Je touchais une cicatrice qui me barrait tout l'avant du bras. Elle formait une longue ligne et devait bien avoir deux ou trois centimètres de largeur. C'était sans doute l'une des plus grands que j'avais sur mon corps, et l'homme assit à côté de moi ne put s'empêcher de poser longuement son regard dessus. Il devait probablement s'interroger sur sa provenance, et je lui jetai un regard glacial qui le dissuada de me poser la moindre question. C'était en le défendant que je l'avais eu, et ce n'était pas une honte de la porter sur mon corps, mais une véritable fierté.
J'observais à présent mon reflet dans la vitre du train. Guère brillant, et pourtant, je n'avais rien perdu de mon habituelle distincition, qui rendait mon visage aussi impassible que celui d'une statue.
Depuis quand n'avais-je pas souri? Il fallait dire que je n'en avais pas souvent eu l'occasion, entre la mort d'Isaak, la rébellion de Hyoga et de ses pairs, mon combat avec mon élève, ma mort, et la bataille contre Hadès, il n'y avait en effet guère de quoi se réjouir... mais maintenant, cela allait peut-être différent. J'allais retrouver le chevalier du cygne, car je sentais son cosmos sur terre, même s'il n'avait plus que quelques poussières de son énergie. Que pourrions-nous bien nous dire que nous allions nous revoir? Quels mots seraient assez forts pour transmettre mes impressions?

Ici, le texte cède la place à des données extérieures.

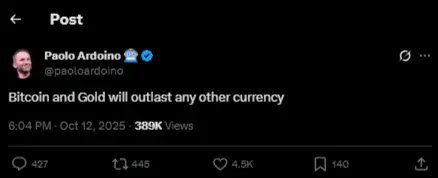 通訊事件橫跨 2025 年 10 月 12–15 日,公開評論稱比特幣與黃金將比多數法幣更長壽,並暗示將持續以利潤配置 BTC、擴展開源錢包工具。對比特幣而言,全球最大穩定幣發行人的背書重要,因 USDT 的深度是全球 BTC 流動性的關鍵管線。若部分利潤持續回補 BTC,能為去槓桿期提供背景買盤;風險在於市場管線集中於單一發行人,政策制定者將關注。短期能源錨定貨幣與代幣化美元的敘事並存,該發行人的庫存決策將放大週期波動。觀察重點為儲備證明、錢包工具發布與任何影響儲備配置與 BTC 購買的政策指引。
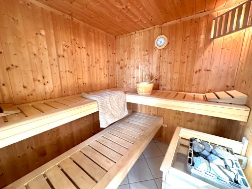 Das Ferienhaus bietet nicht nur durch seine vielseitige, schöne Umgebung einen ideales Ort zur Erholung. Das gemütliche Holzhaus lässt direkt Urlaubstimmung aufkommen und ist zudem mit allerlei Komfort zur Entspannung ausgestattet. Mit Sauna und Whirl-Badewanne haben Sie Ihren eigenen Wellness-Bereich im Haus. Im Sommer bietet der große Garten mit Liegestühlen einen Ort der Ruhe. Im Winter holt der Kamin die Gemütlichkeit ins Haus.
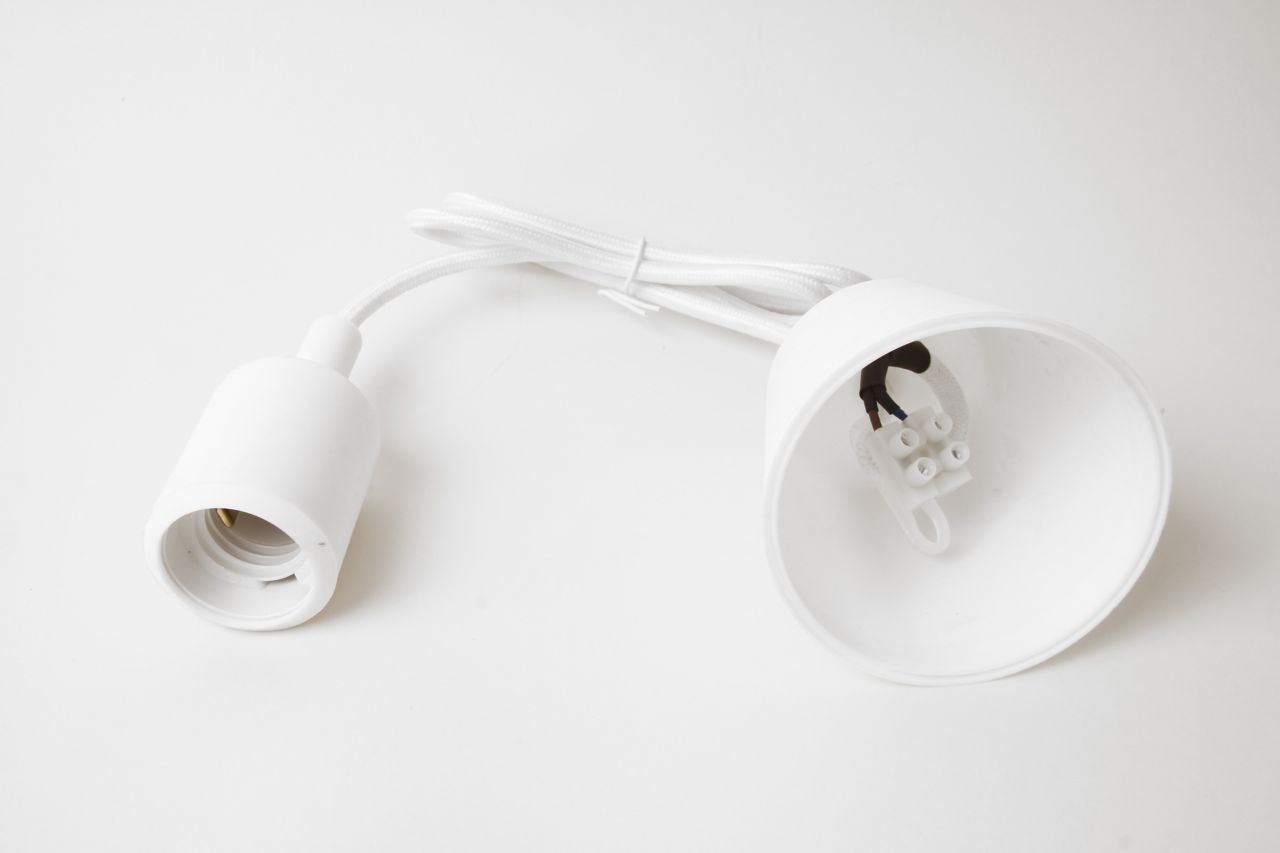 Es ist eine Hängeleuchte mit textilummanteltem Kabel in weißer Farbe. Kunststoffrosette, Textilkabel und Lampenfassung mit Silikongehäuse, alles passend in der gleichen Farbe.

Le trains s'embranla pour entrer en gare et je sursautais. J'avais réussi. Ainsi, j'étais parvenu jusqu'au Grèce, même si j'avais parfois du me traîner dans les couloirs, car je manquais de m'évanouir à cause des douleurs lancinantes qui me traversaient le corps. J'allais revoir tous les chevaliers dont le peu d'énergie restante m'avait soutenu durant tout le trajet. J'imaginais les visages de tous ces valeureux guerriers m'accueillant et je me dépêchais de descendre du marche-pied.
J'avais hâte... et pour une fois, je regardais mon avenir sans songer à la manière dont les évènements s'étaient produits autrefois. Tout cela n'avait plus la moindre importance, on s'en rendait compte lorsque l'on était mort et que, comme moi, on renaissait à une seconde existance.
Je me retrouvais dehors en quelques secondes. La brise du mois de juin vint me caresser le visage et je restais sans bouger, sans véritablement réaliser ma chance. La Grèce s'étendait sous mon regard et je sentais mon coeur sauter dans ma poitrine. J'étais retourné à l'endroit ou plongeaient mes racines... et pour la première fois depuis des mois, je ne pus m'empêcher d'esquisser un sourire.